Conversely, the proportion of publicly insured or uninsured patients within a hospital was positively associated with increased HA-MRSA rates in both unadjusted and adjusted analyses (p = 0.028 and p = 0.049, respectively), as was the proportion of black patients (p = 0.013 and p = 0.009, respectively). In contrast, the proportion of Hispanic patients in a hospital was not significantly associated with HA-MRSA in either unadjusted or adjusted analyses (p = 0.627 and p = 0.949). In both unadjusted and adjusted analyses, public (p = 0.028 and p = 0.004, respectively) and non-profit hospitals (p = 0.012 and p = 0.019, respectively) had higher HA-MRSA rates relative to private hospitals.

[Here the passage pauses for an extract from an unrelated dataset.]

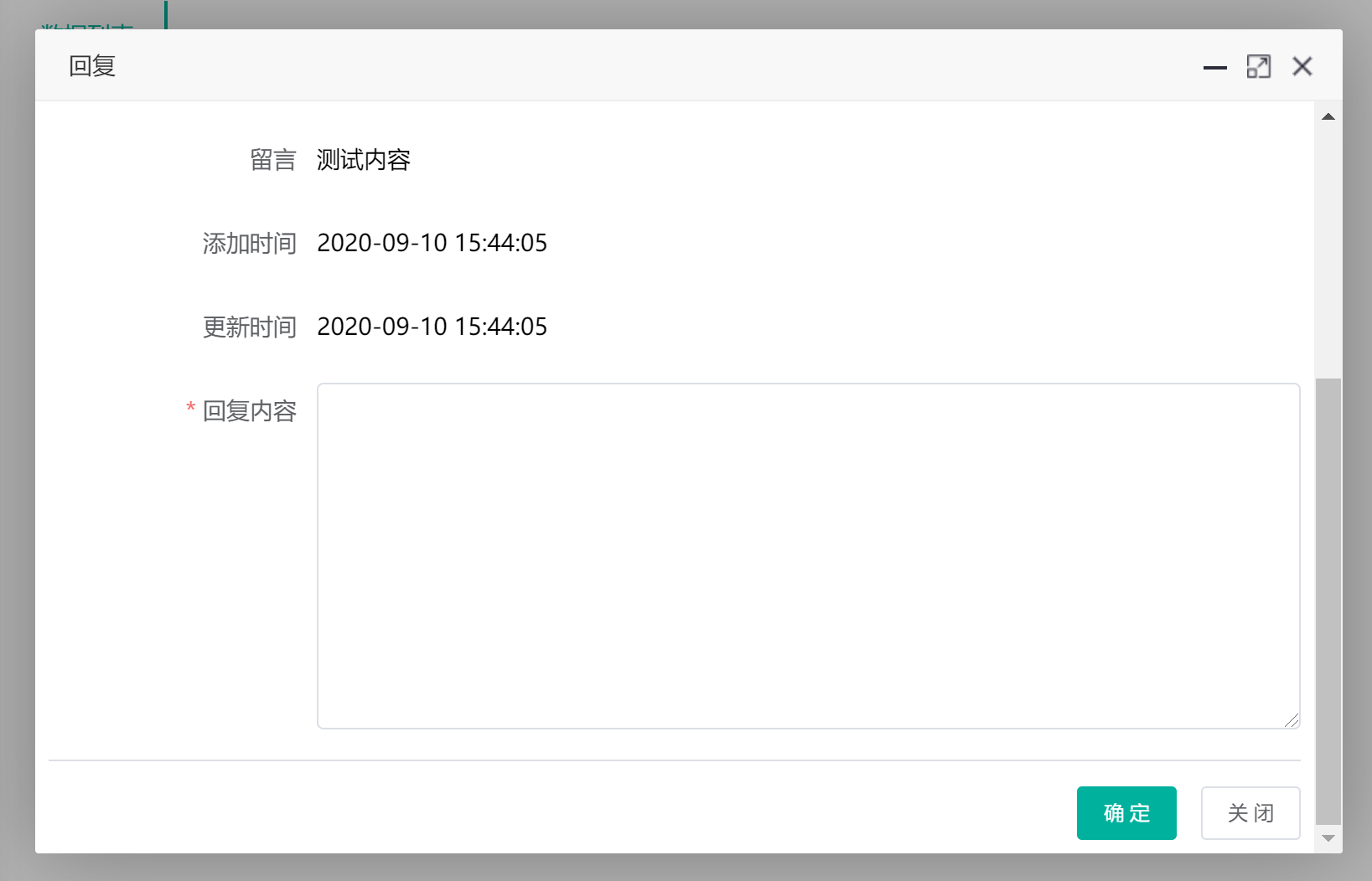 点击表单数据右侧的 回复 链接,系统将弹出回复界面:

Tables 1 and 2 give unadjusted and adjusted associations between hospital characteristics and HA-MRSA infection rates. Being a teaching facility, having patients with higher mean Elixhauser comorbidity scores, and having a higher proportion of inpatient stays during which major therapeutic procedures occurred were each significantly associated with increased HA-MRSA infection rates in adjusted analyses.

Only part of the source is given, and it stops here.